Ebbene, riassunte le principali specificità, è lecito immaginare che ad avere convenienza sia principalmente colui che ha delle entrate nella valuta corrente con quella dello stesso mutuo. In tal senso, il ricorso a un mutuo in valuta estera andrà ad eliminare il rischio di cambio, visto e considerato che i flussi reddituali del lavoratore mutuatario saranno denominati nella stessa valuta dei pagamenti.
Un secondo motivo di vantaggio legato alla stipula di un mutuo in valuta estera potrebbe invece essere costituito dal beneficio in termini di tasso. Alcune valute sono infatti riconducibili a sistemi bancari il cui costo del denaro potrebbe essere nettamente inferiore al proprio. E, dunque, potrebbero essere in grado di attribuire tassi debitori a sconto rispetto al tasso in euro.
Per tutti gli altri potenziali mutuatari, il finanziamento ha una convenienza più dubbia. E, soprattutto, dei rischi che non si dovrebbero sottovalutare.
Di fatti, spesso le oscillazioni dei parametri di riferimento di questi mutui sono piuttosto improvvise ed elevate. E proprio per questo motivo si tende ad attribuire tale mutuo a persone con redditi generalmente sostenuti, che possono sopportare senza tensioni l’incremento del valore delle rate.
Certo è che, proprio in virtù di questo ambito, i mutui in valuta estera potrebbero anche essere utili a coloro che sono tipicamente speculatori. Sono infatti strumenti che potrebbero essere sfruttati a beneficio di coloro che fanno trading valutario, e che potrebbero dunque avvantaggiarsi di movimenti favorevoli nel tasso di cambio.

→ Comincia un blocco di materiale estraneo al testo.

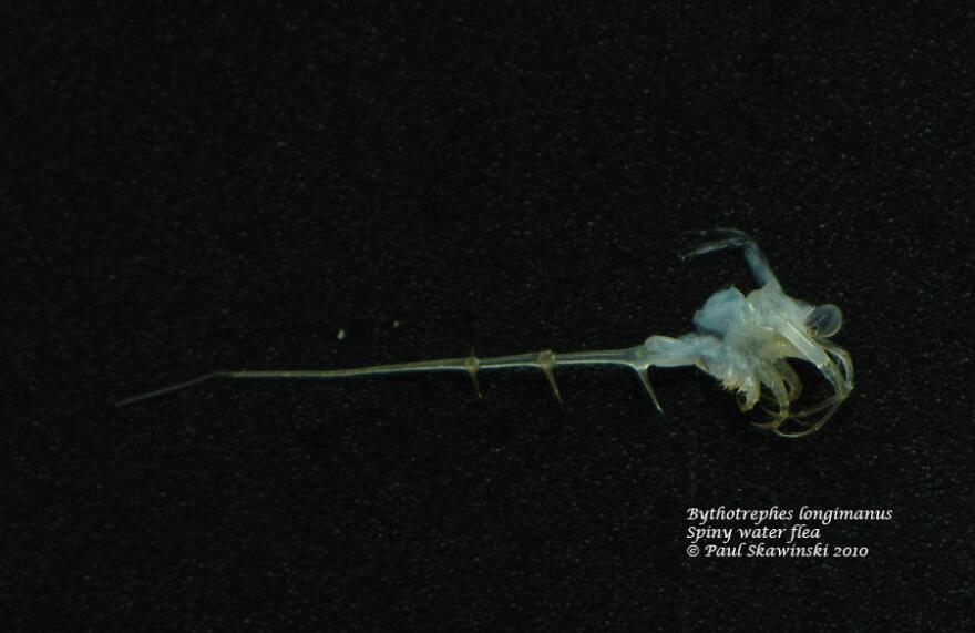 The spiny water flea is an invasive species about the width of a pinky nail. It has a long spiny tail, and several arms it uses to catch and kill other little crustaceans and zooplankton.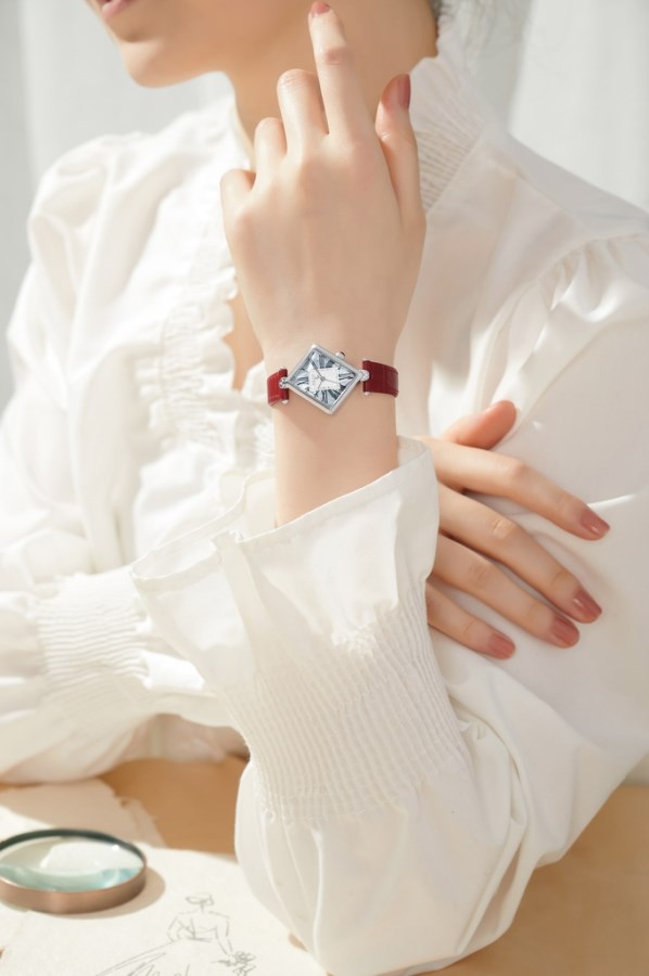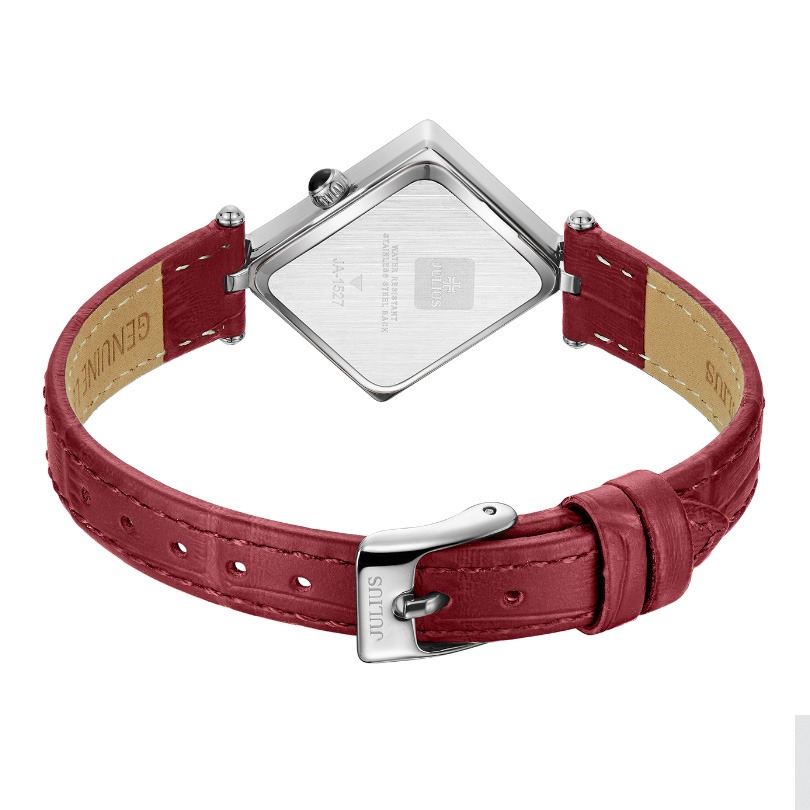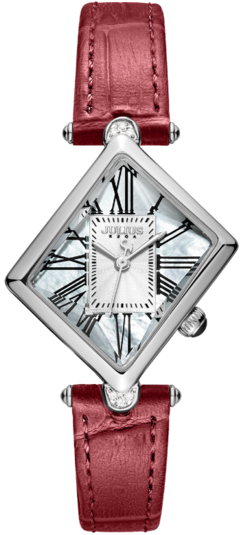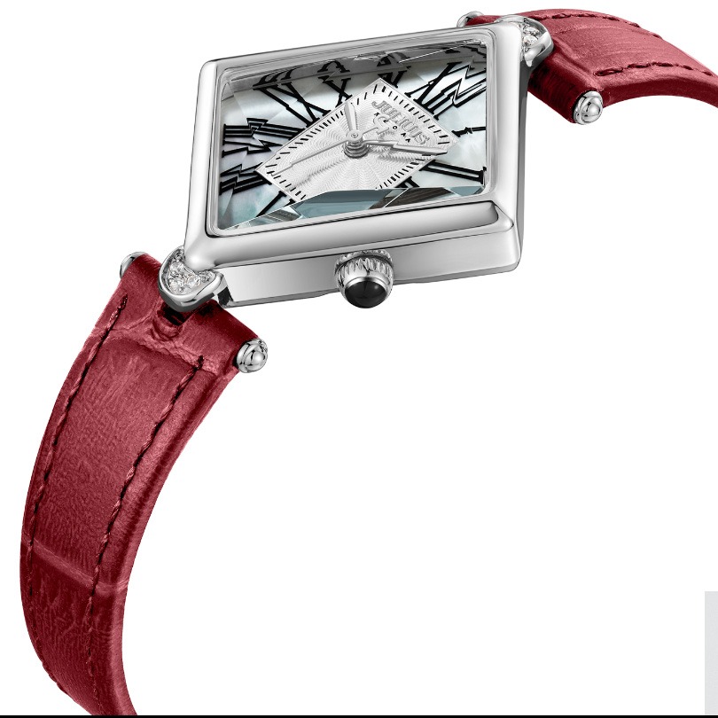 ساعت مچی زنانه نگین دار کلاسیک بند چرمی ، با ترکیب رنگ زرشکی و نقره ای - مناسب مجالس رسمی و فعالیت های روزمره

Di seguito, abbiamo riassunto alcune delle principali pronunce giurisprudenziali in materia.
Sentenza Corte di Giustizia europea per i mutui in valuta estera
Una delle pronunce più note in questa materia è quella dello scorso 26 giugno 2019. La sentenza per causa c-407/18 da parte della Corte di Giustizia europea è infatti intervenuta per dare maggiore tutele ai consumatori nelle ipotesi di mutui espressi in valuta estera, con rimborso in euro. Di fatti, la Corte ha affermato che nel caso in cui il contratto di mutuo contenga una clausola di esecuzione forzata, nelle ipotesi di mancato rimborso correlato al mutuo in valuta estera, tale clausola poiché non limita il rischio di cambio per il consumatore/cliente.
La vicenda si è occupata di una coppia slovena che aveva stipulato un contratto di mutuo ipotecario, con atto notarile, per acquistare una casa. Il mutuo era stato emesso in franchi svizzeri, mentre il rimborso doveva avvenire mensilmente, in euro. La coppia non aveva pagato le rate e, dunque, la banca si era rivolta al giudice per l’esecuzione forzata.
In primo grado i giudici avevano dato ragione all’istituto di credito, dando così il via all’esecuzione forzata. In secondo grado i giudici si sono invece rivolti alla Corte di Giustizia UE per avere un parere vincolante sull’abusività o meno della clausola.
Il giudizio
Ebbene, i giudici di Strasburgo hanno chiarito che l’esecuzione forzata è in contrasto con la direttiva 93/13 a tutela dei consumatori,
“alla luce del principio di effettività, nel senso che essa osta a una normativa nazionale, quale quella di cui trattasi nel procedimento principale, in forza della quale il giudice nazionale investito di una domanda di esecuzione forzata di un contratto di mutuo ipotecario, stipulato tra un professionista e un consumatore sotto forma di atto notarile direttamente esecutivo, non dispone della possibilità di verificare, su istanza del consumatore o d’ufficio, se le clausole contenute in un simile atto abbiano carattere abusivo ai sensi di tale direttiva e, su tale base, di sospendere l’esecuzione forzata richiesta”.
In altri termini, il credito in valuta estera con rimborso in euro è da considerarsi clausola abusiva, determinando un rischio di cambio per il consumatore. Il giudice è dunque chiamato ad accertare la caratteristica di abusività di tale clausola. E, infine, invitato a sospendere l’esecuzione forzata del bene, quale conseguenza della stessa clausola.